Durante el proceso de preproducción, que fue rápido e intensísimo, ellos mismos pegaron carteles en escuelas de cine y de arte, pusieron anuncios por internet y removieron cielo y tierra, con ayuda de amigos y familiares, hasta que lograron dar con todas las localizaciones, actores, equipo técnico y medios necesarios. Durante todo este proceso no logró amilanarlos ni tan siquiera la negativa del famoso director del cine de bajísimo presupuesto Jesús Franco, al que se le ofreció una aparición especial en el film, la cual denegó alegando que con el dinero con el que se contaba no se podría nunca realizar esta película.

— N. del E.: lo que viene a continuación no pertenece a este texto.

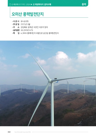 신·재생에너지가이드 2024 ▶ 신·재생에너지 설치사례 풍력 오미산 풍력발전단지 •시 공 사 : 유니슨(주) •완 공 일 : 2023년 5월 •주 소 : 경상북도 봉화군 석포면 석포리 일대 •설치용량 : 60.2MW(14기) •특 징 : 4.3MW 풍력터빈이 대량으로 공급된 풍력발전단지 340 New & Renewable Energy Guide 2024

El horror de la Dama del Lago fue filmada en el último trimestre del pasado año 2003 en Cataluña, en formato de Vídeo Digital y con diálogos hablados en español, inglés y francés. Contando con un presupuesto de solo 30.000 euros (5 millones de pesetas), la producción fue posible gracias a la participación no remunerada de todo su equipo técnico y artístico (formado en su gran mayoría por estudiantes y titulados cinematográficos), así como la ayuda inestimable de empresas del sector como Panasonic. Su reparto está formado fundamentalmente por nuevos rostros del cine español, además de contar con la colaboración especial de la estrella española del cine porno Celia Blanco.

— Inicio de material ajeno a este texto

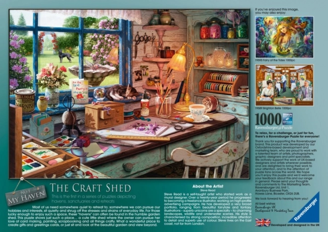 Ontdek de charme van een rustige ambachtelijke werkplaats in een origineel motief van kunstenaar Steve Read. De hoge afwerkingskwaliteit en precieze uitsnedes zorgen ervoor dat de stukjes perfect in elkaar passen, waardoor het leggen een ontspannende bezigheid is voor het hele gezin.

El presupuesto del film resulta aún más increíble si se tiene en cuenta que se trata de una película ambientada a finales del siglo XIX y rodada en más de siete localidades distintas de Cataluña. Además ha contado para algunas escenas con un coche de caballos centenario, un grupo de baile regional, contiene secuencias gore y maquillaje de efectos en abundancia, complicadísimos planos con monstruos en stop-motion (movidos fotograma a fotograma) combinados con imagen real, una maqueta de dos metros cuadrados, y fondos pintados artesanalmente (mate-painting). En su reparto aparecen 15 actores, además de numerosas zombies y extras; dos de las actrices principales (dos hermanas gemelas) vinieron desde Badajoz para hacer el casting (y más tarde para rodar), y por si esto fuera poco, Celia Blanco colaboró de manera entusiasta y también desinteresadamente.
En definitiva, un milagro absoluto, y eso sí, muchísimo trabajo, ilusión y camaradería por parte de todo el equipo. Prueba de ello es el making off, que muestra también la mala suerte que acompañó en muchos momentos a la película, con inundaciones e incendios que asolaron localizaciones, enfermedades en
varios miembros del equipo, robos, etc. Algunas anécdotas son casi más increíbles que la propia película; tanto es así, que al actor más anciano del reparto, Jean-Pierre Sèvegrand, de 71 años, se le diagnosticó una leucemia terminal a falta de pocos días de terminar el rodaje, y pese a su precario estado de salud quiso finalizar su papel a toda costa, falleciendo diez días después de su último plano.
El horror de la dama del lago se encuentra en estos momentos en pleno proceso de postproducción.
La intensa actividad actual está siendo soportada fundamentalmente por los dos principales responsables del proyecto, a los que se les ha sumado a pleno rendimiento el montador y músico José Miguel Vilalta. Las expectativas actuales de Aticus Films son tener listo el film para el 2007 e intentar hacer una presentación de éste en el Festival de Cine de Sitges de ese año, además de lograr que algunas distribuidoras (tanto españolas como extranjeras) se interesen por él y decidan estrenarlo en las salas de cine y/o distribuirlo en el mercado de video y DVD, para así poder financiar nuevos proyectos en la misma línea arriesgada de clasicismo y experimentación.